The data START
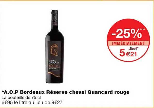Découvrez une offre exceptionnelle sur la Bordeaux Réserve cheval Quancard rouge, un vin qui ravira les amateurs de vin de qualité. Cette bouteille de 75 cl est idéale pour accompagner vos repas ou à savourer lors de vos soirées. Avec une réduction immédiate de 25%, c’est le moment parfait pour se faire plaisir sans culpabilité.
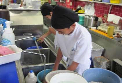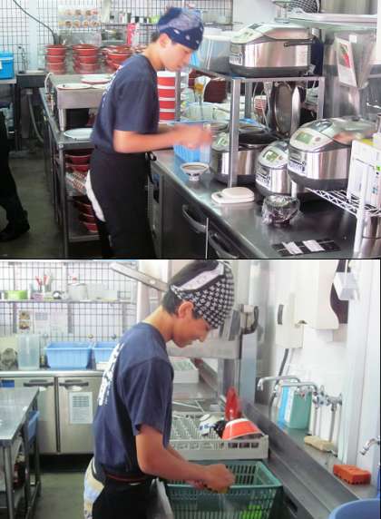 ラーメン横綱南インター店、来来亭新堀川店では、ご飯の盛りつけや洗い物、調理のお手伝いに頑張っています。
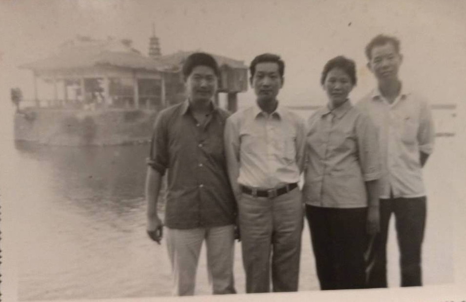 吳秉錟返鄉探親,於兒時戲水的福州金山寺旁合影。
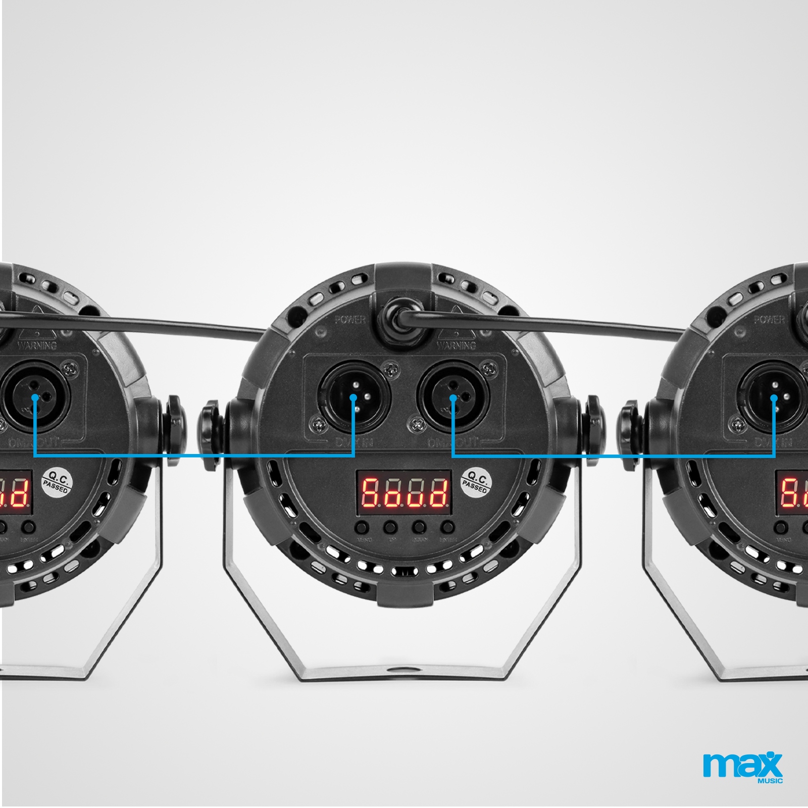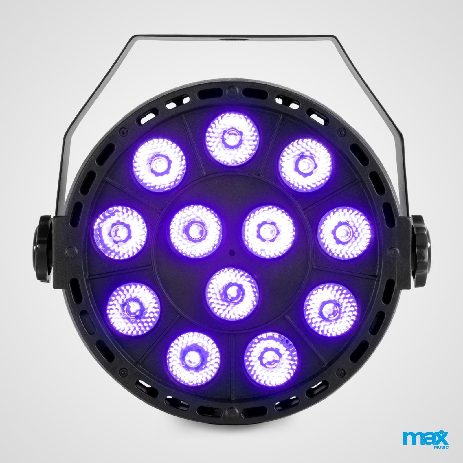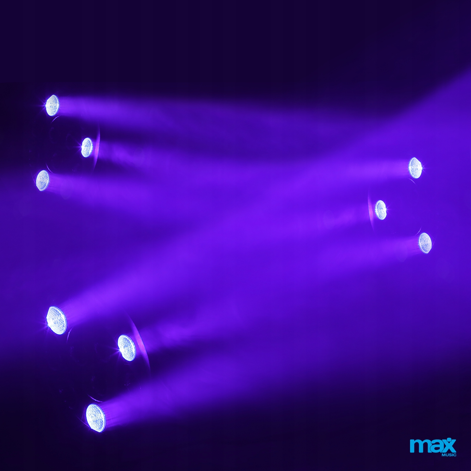 С 12 светодиодами с емкостью 1 Вт на диод Max Blacklight Partypar не имеет себе равных с точки зрения цены. Кроме того, он контролируется с помощью DMX, имеет внутренний микрофон для управления звуком, может работать над встроенной программой, и даже можно объединить множество единиц вместе, чтобы установить мастер/ раб. 12 светодиодов разделены на 4 секции, благодаря тому, что вы можете получить хорошее влияние на саму лампу.
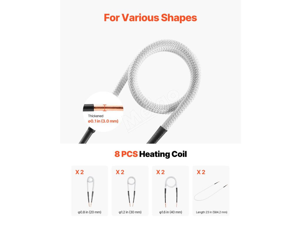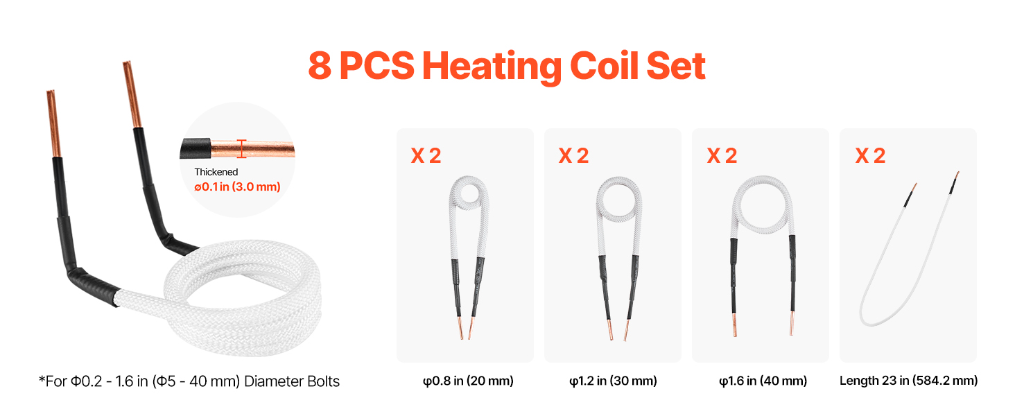 Nástroj na ohrev skrutiek sa dodáva s viacerými špirálami, ktoré si ľahko poradia s nepravidelnými obrobkami. Či už ide o malé skrutky alebo väčšie ložiská, poskytuje presný ohrev. Fialový medený vodivý drôt je účinnejší a izolačná vrstva zo sklenených vlákien ponúka vynikajúcu odolnosť proti poškodeniu.
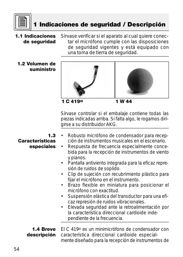 suministro 1 C 419III 1 W 44 Sírvase controlar si el embalaje contiene todas las piezas indicadas arriba. Si falta algo, le rogamos dirigirse a su distribuidor AKG. Características especiales
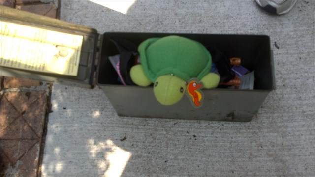Sarah the inch worm belongs to the youngest member of our family, Maci. She was activated on the day she was born and has been hidden by Maci’s cousins. Maci, her sister, and her cousins would love to see photos of Sarah as she travels from cache to cache. Sarah has travelled 13789 miles all over the US including Hawaii.
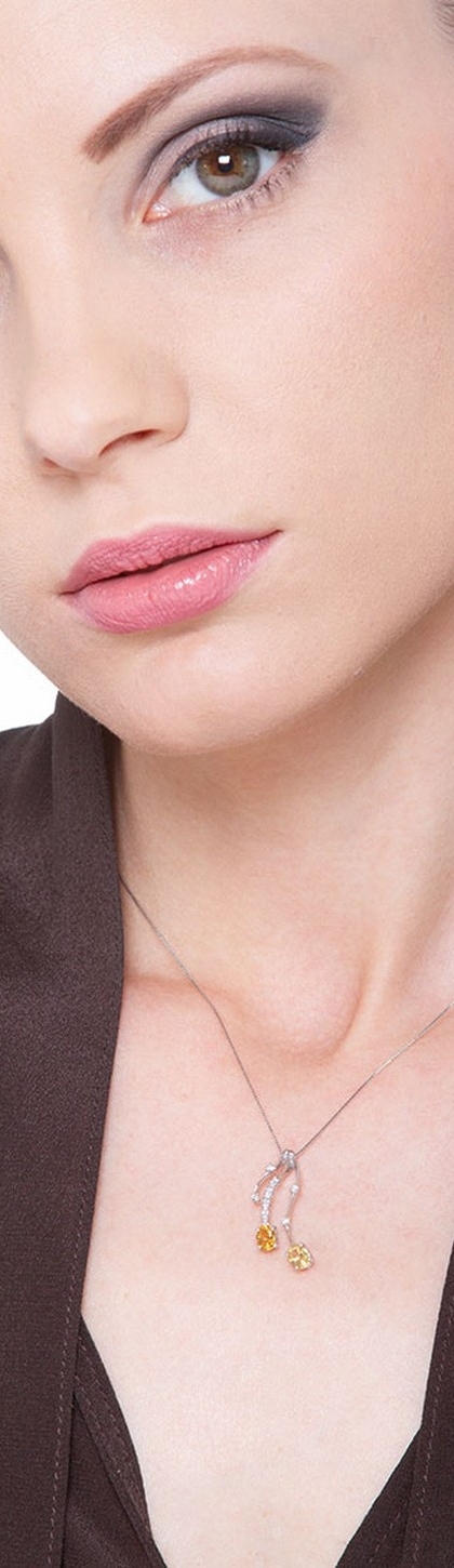 Weißgold Kette Damen mit Citrin Anhänger und Diamanten
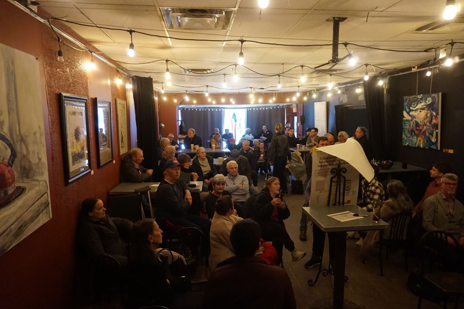 Residents gather at the Mahtay Cafe to discuss the former GM site on Saturday, March 11.
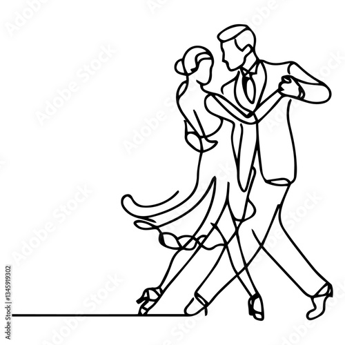 Elegant Tango Dance - Continuous Line Art
The data END
■ **About this exercise**
Leaving the pictures out, copy exactly the lines from the line that contains "Weißgold Kette Damen" to the last line of the data, both ends included.

■ **Response for this exercise**
 Weißgold Kette Damen mit Citrin Anhänger und Diamanten
 Residents gather at the Mahtay Cafe to discuss the former GM site on Saturday, March 11.
 Elegant Tango Dance - Continuous Line Art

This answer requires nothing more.